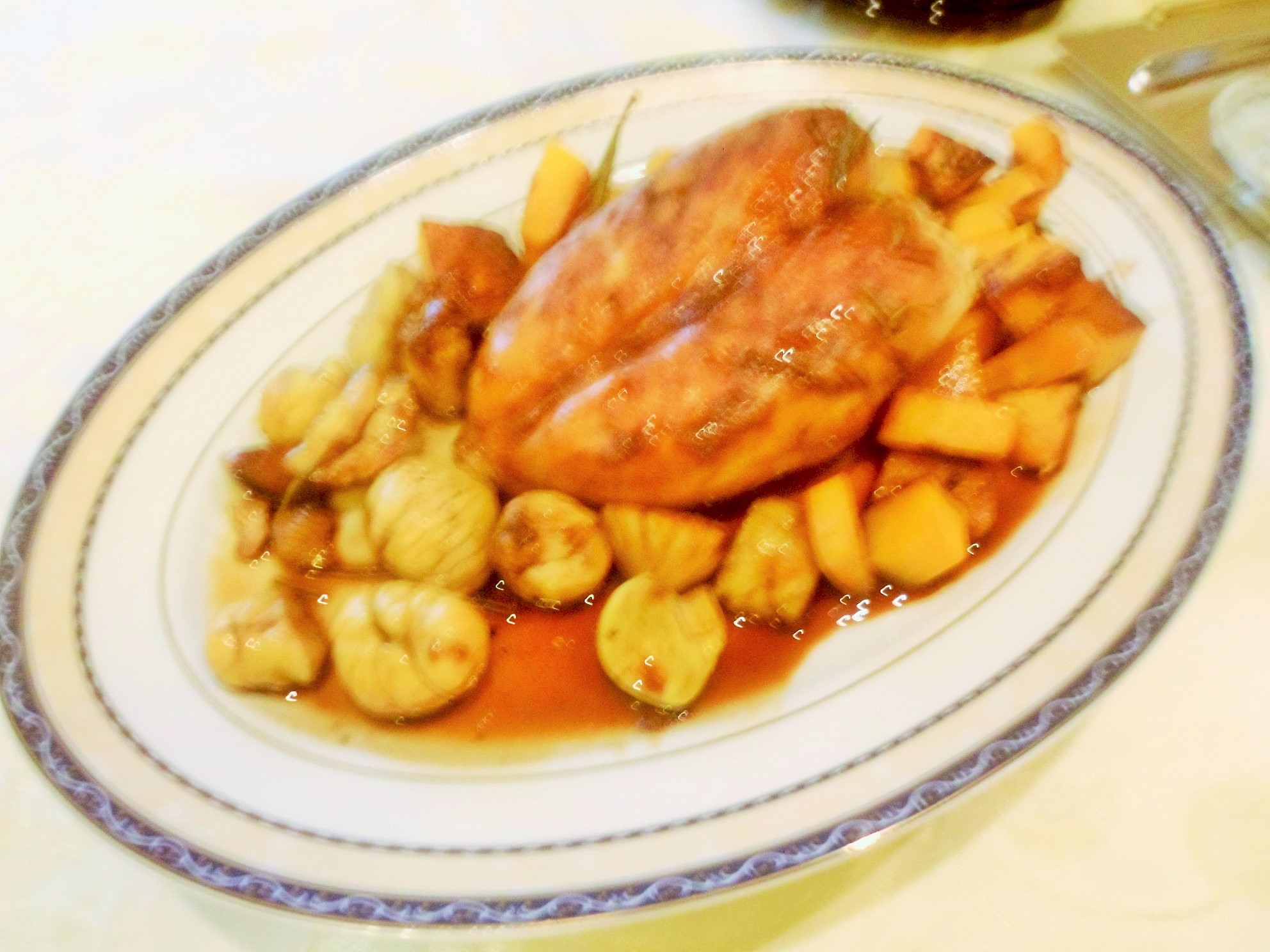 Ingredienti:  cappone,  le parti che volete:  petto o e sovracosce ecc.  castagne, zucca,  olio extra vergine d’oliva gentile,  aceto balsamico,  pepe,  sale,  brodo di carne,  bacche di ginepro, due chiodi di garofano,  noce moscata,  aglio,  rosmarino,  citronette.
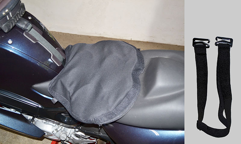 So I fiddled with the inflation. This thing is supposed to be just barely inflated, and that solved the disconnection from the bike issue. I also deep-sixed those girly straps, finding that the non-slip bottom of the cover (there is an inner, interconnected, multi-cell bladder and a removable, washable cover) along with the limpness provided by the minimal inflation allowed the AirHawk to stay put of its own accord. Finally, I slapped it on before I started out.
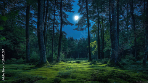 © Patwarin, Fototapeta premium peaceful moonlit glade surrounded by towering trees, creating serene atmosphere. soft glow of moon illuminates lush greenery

****************

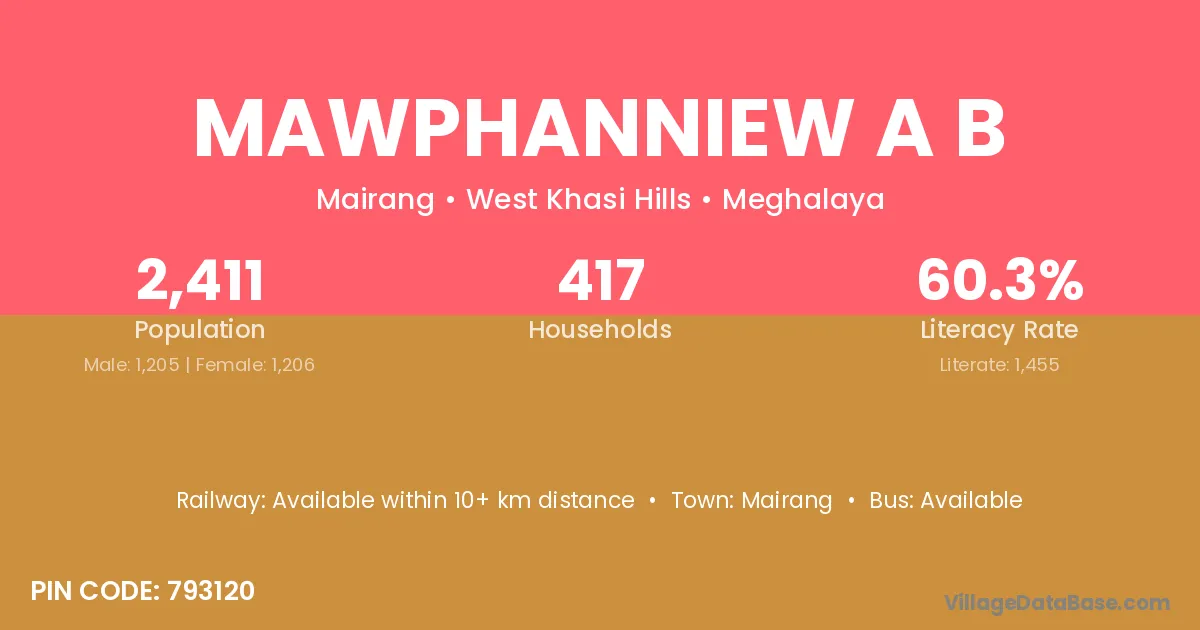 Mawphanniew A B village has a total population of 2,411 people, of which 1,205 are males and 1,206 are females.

****************

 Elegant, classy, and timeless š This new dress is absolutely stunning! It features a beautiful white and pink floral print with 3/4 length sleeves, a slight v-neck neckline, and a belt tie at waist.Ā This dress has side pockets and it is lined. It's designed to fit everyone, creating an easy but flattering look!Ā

****************

WORK TO COMPLETE =>
Write back the stretch of lines above that begins with the line holding "Ingredienti:  cappone,  le" and ends with the line holding "So I fiddled", both included, exactly as written. Pictures stay out.

TASK OUTPUT =>
 Ingredienti:  cappone,  le parti che volete:  petto o e sovracosce ecc.  castagne, zucca,  olio extra vergine d’oliva gentile,  aceto balsamico,  pepe,  sale,  brodo di carne,  bacche di ginepro, due chiodi di garofano,  noce moscata,  aglio,  rosmarino,  citronette.
 So I fiddled with the inflation. This thing is supposed to be just barely inflated, and that solved the disconnection from the bike issue. I also deep-sixed those girly straps, finding that the non-slip bottom of the cover (there is an inner, interconnected, multi-cell bladder and a removable, washable cover) along with the limpness provided by the minimal inflation allowed the AirHawk to stay put of its own accord. Finally, I slapped it on before I started out.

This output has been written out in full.